» **Supplied entries**
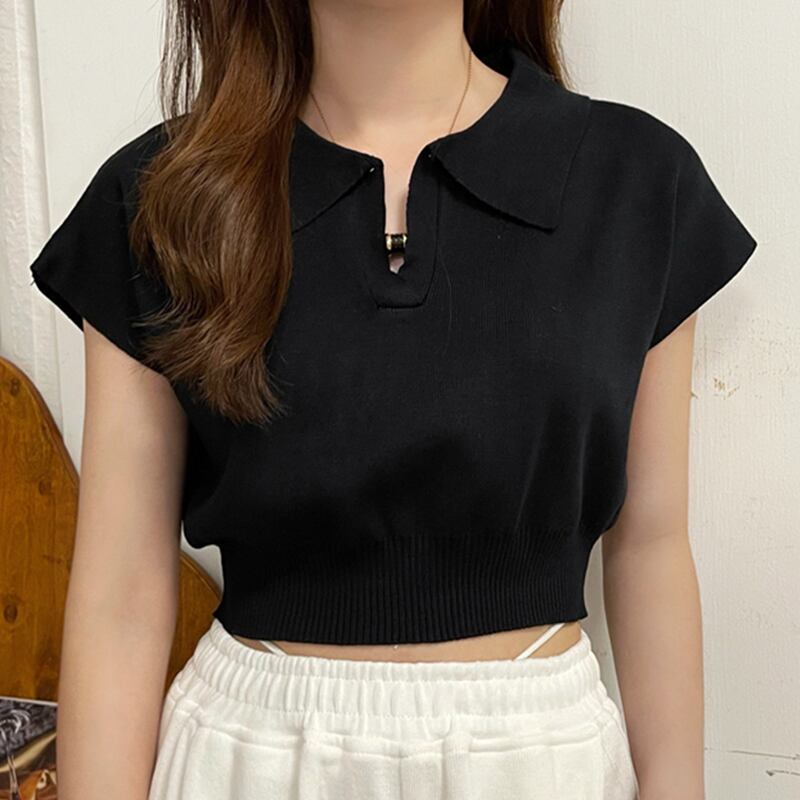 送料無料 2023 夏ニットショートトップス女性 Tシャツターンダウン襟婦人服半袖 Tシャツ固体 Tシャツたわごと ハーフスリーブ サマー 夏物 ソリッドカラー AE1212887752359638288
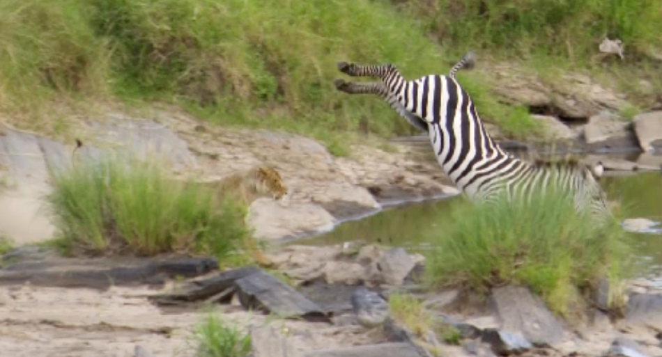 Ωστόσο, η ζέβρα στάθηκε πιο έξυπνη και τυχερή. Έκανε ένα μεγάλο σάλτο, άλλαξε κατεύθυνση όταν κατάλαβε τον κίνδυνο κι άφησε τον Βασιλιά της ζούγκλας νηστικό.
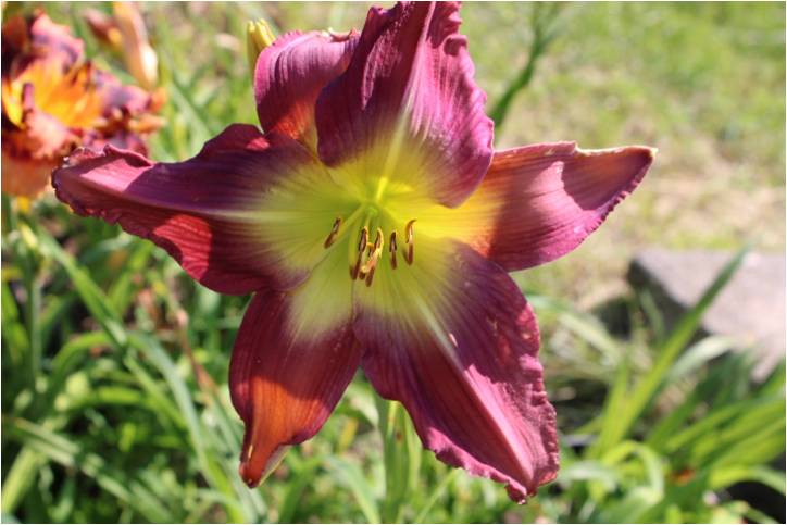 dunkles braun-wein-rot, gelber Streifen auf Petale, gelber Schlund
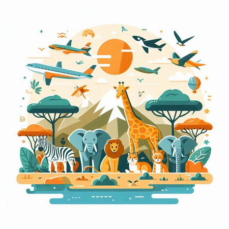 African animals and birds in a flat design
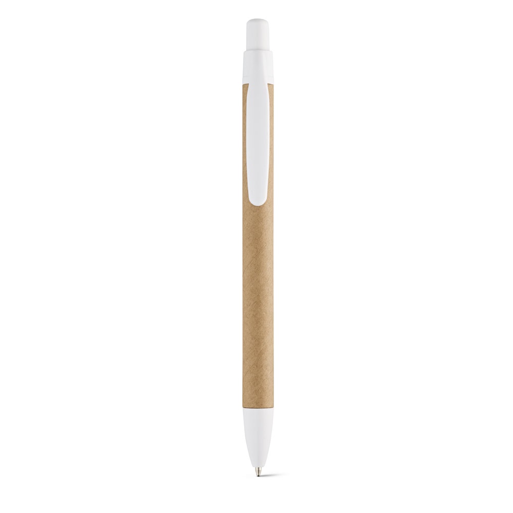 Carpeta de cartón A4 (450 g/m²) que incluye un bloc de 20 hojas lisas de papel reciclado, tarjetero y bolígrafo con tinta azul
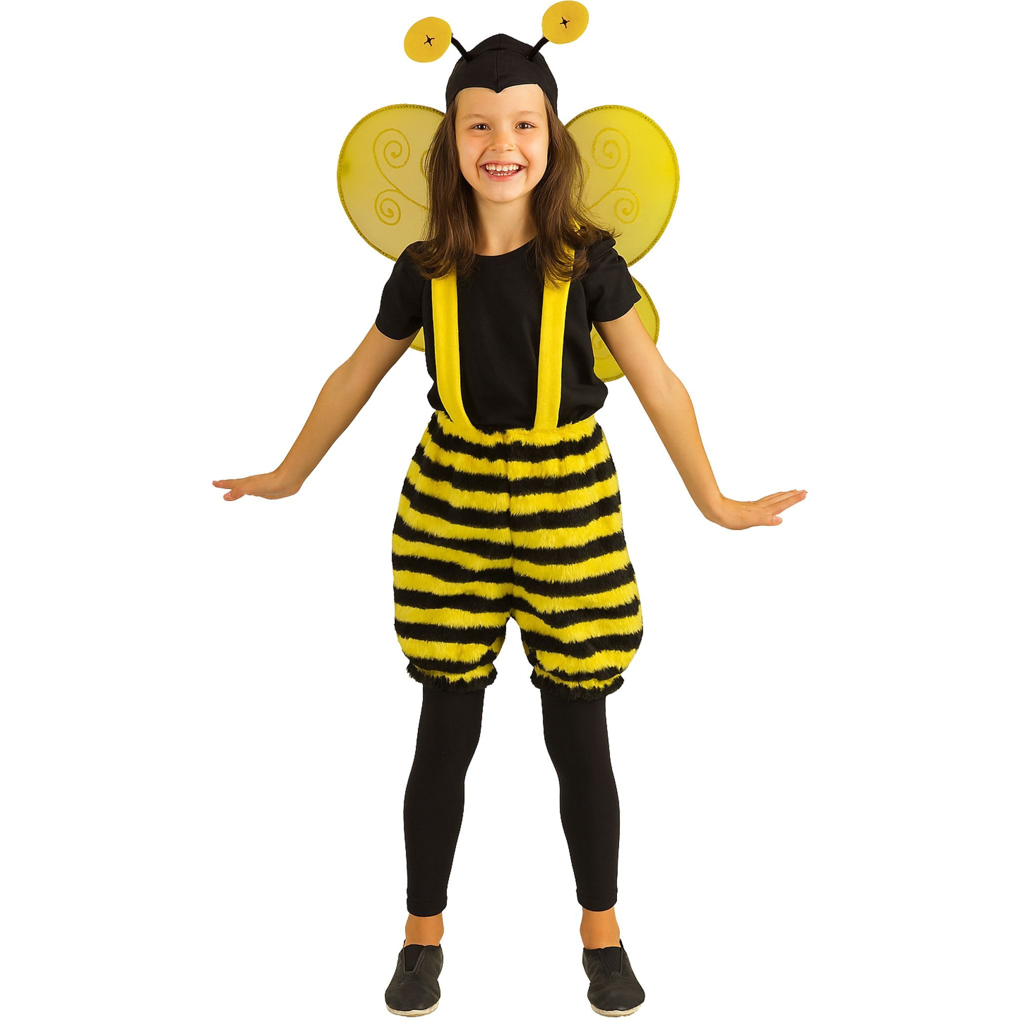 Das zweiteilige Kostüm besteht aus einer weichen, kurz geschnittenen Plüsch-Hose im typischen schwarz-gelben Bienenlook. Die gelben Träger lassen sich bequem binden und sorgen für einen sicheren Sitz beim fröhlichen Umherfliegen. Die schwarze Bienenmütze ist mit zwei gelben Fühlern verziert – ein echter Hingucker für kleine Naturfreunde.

--

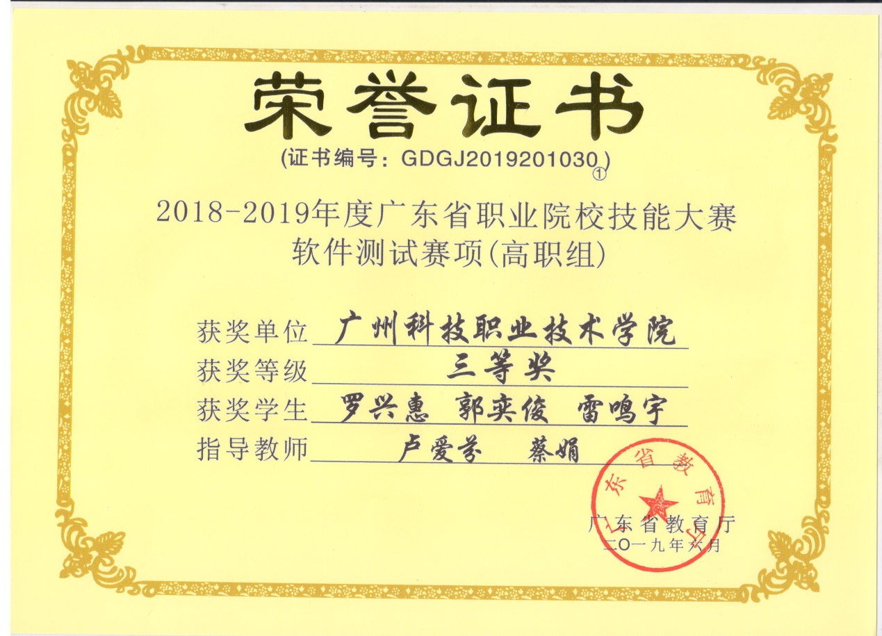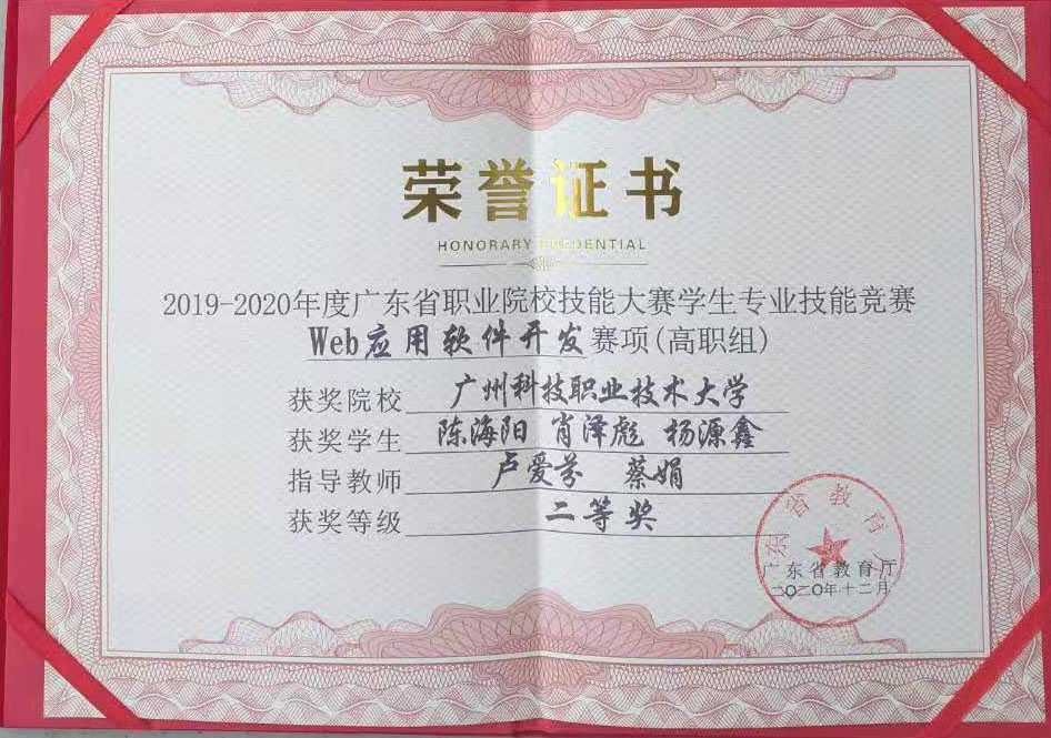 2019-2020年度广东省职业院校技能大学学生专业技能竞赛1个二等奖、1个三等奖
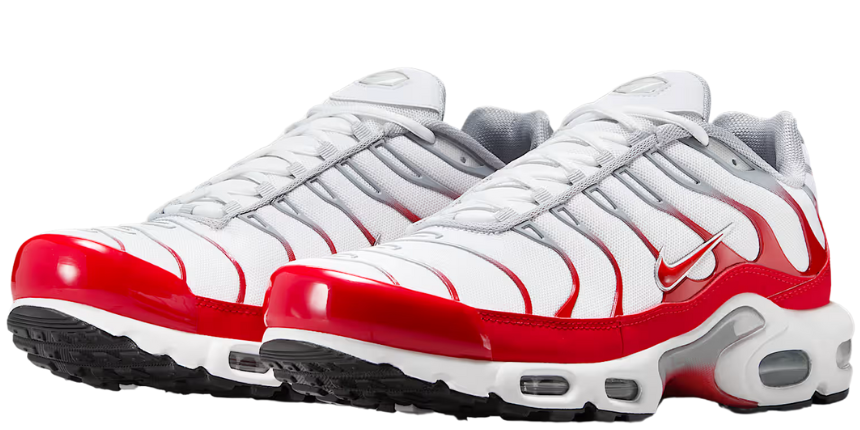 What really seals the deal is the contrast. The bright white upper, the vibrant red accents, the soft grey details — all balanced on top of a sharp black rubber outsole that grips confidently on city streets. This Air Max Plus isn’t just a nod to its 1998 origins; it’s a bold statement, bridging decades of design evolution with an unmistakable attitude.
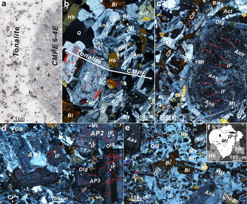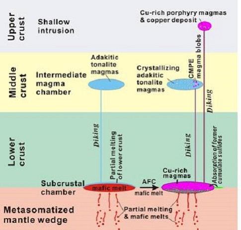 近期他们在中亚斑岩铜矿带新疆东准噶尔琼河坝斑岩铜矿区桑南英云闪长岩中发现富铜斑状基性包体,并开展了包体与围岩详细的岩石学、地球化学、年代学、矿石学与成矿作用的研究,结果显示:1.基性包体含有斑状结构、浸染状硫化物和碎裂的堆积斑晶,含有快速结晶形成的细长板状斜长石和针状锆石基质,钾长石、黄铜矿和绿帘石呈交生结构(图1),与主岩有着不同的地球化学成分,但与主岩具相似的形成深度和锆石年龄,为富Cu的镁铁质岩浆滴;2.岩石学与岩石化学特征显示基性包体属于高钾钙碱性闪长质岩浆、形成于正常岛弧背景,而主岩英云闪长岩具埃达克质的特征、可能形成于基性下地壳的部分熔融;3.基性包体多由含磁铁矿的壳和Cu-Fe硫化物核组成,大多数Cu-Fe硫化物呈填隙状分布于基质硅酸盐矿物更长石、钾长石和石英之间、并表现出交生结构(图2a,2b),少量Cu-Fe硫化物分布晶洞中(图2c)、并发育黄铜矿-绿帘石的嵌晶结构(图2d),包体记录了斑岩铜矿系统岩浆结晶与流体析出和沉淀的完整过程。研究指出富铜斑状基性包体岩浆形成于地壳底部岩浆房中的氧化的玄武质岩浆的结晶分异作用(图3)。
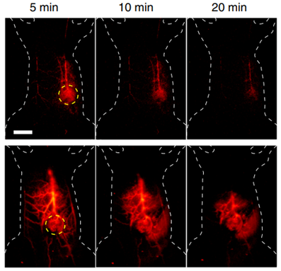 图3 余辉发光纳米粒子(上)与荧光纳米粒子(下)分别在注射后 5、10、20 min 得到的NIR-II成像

» **To do**
Range to copy from the listing above: the line with "African animals and birds in a flat design" through the line with "Carpeta de cartón". Transcribe it exactly and skip the pictures.

» **Response for this exercise**
 African animals and birds in a flat design
 Carpeta de cartón A4 (450 g/m²) que incluye un bloc de 20 hojas lisas de papel reciclado, tarjetero y bolígrafo con tinta azul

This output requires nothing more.